Nowadays, as people expect fine-tuned recommendations and real-time offers based on purchases from the likes of Amazon and Netflix, they also anticipate the same from their chosen financial institution. Hence, it is impossible to ignore the potential of personalized and relevant content. This is why financial institutions of all sizes today prefer advanced analytics to customize all components of the marketing mix, primarily to offer dynamic product pricing.

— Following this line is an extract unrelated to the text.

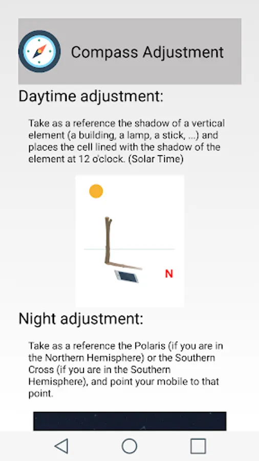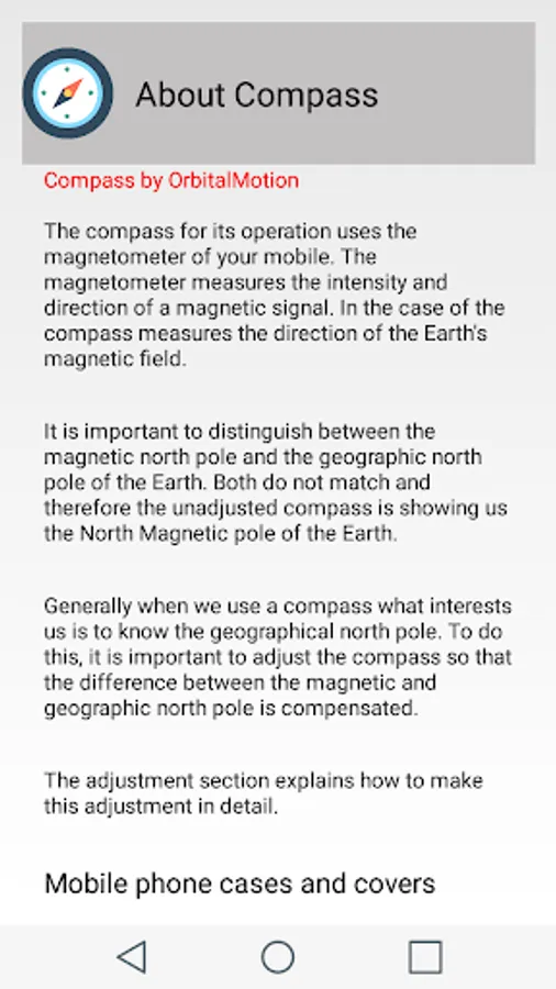 For proper operation it is advisable to make a simple adjustment of the compass, as by default all mobile magnetometers point to the Magnetic North Pole of the Earth and this does not match the Geographic North Pole. The application allows you to make this adjustment very easily.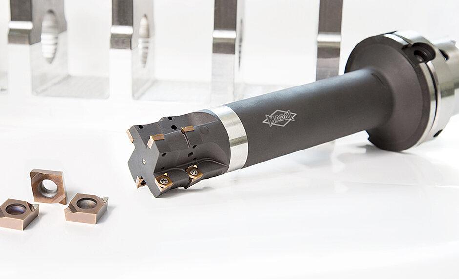 Je nach Anwendung kann zwischen standardmäßig verfügbaren ISO-Wendeschneidplatten gewählt werden. MAPAL bietet jeweils vier Geometrien für die Kombination Aluminium-Guss sowie für Aluminium-Sinterstahl. Darüber hinaus sind Sonderwendeschneidplatten mit dem neuen Schneidstoff verfügbar. Die Ergebnisse in der Praxis mit dem neuen Schneidstoff überzeugen. Wo bisher lediglich zehn Lagergassenbohrungen aus der Kombination von Sinterstahl und Aluminium mit einer Schneide bearbeitet wurden, sind es mit dem neuen Schneidstoff beeindruckende 700 Bohrungen.

Recent researches have shown that predictive models are used by financial institutions to optimize product prices for every user in real-time. Take life insurance, which is viewed as a static, one-dimensional product. With very little incentive other than providing death benefits, life insurance companies have to put in tremendous efforts to drive sales growth. But what if life insurers can get access to near real-time data about policyholder’s lifestyle and fitness via telematic devices? With that, life insurers can continuously reassess a person’s risk profile and accordingly adjust the cost of coverage. When this data combines with patterns and correlations in customer data sets, insurers can now offer premium adjustments and discounts for a healthy lifestyle. In this way, health insurers can encourage a higher percentage of prospects to convert. Our SIA platform (Softweb Intelligence and Analytics) is not only limited to showing insurers dynamic product pricing, but its predictive models can also showcase the organization as a truly customer-centric company as it can notify policyholders to take medications and schedule checkups, thus improving customer loyalty.
In financial ecosystems, machine learning technologies bring together consumer insights from diverse data sets, including third-party insights from credit bureaus, social media channels, and others. The goal is to develop an ability to offer contextual and personalized product pricing as well as advice based on aggregated data.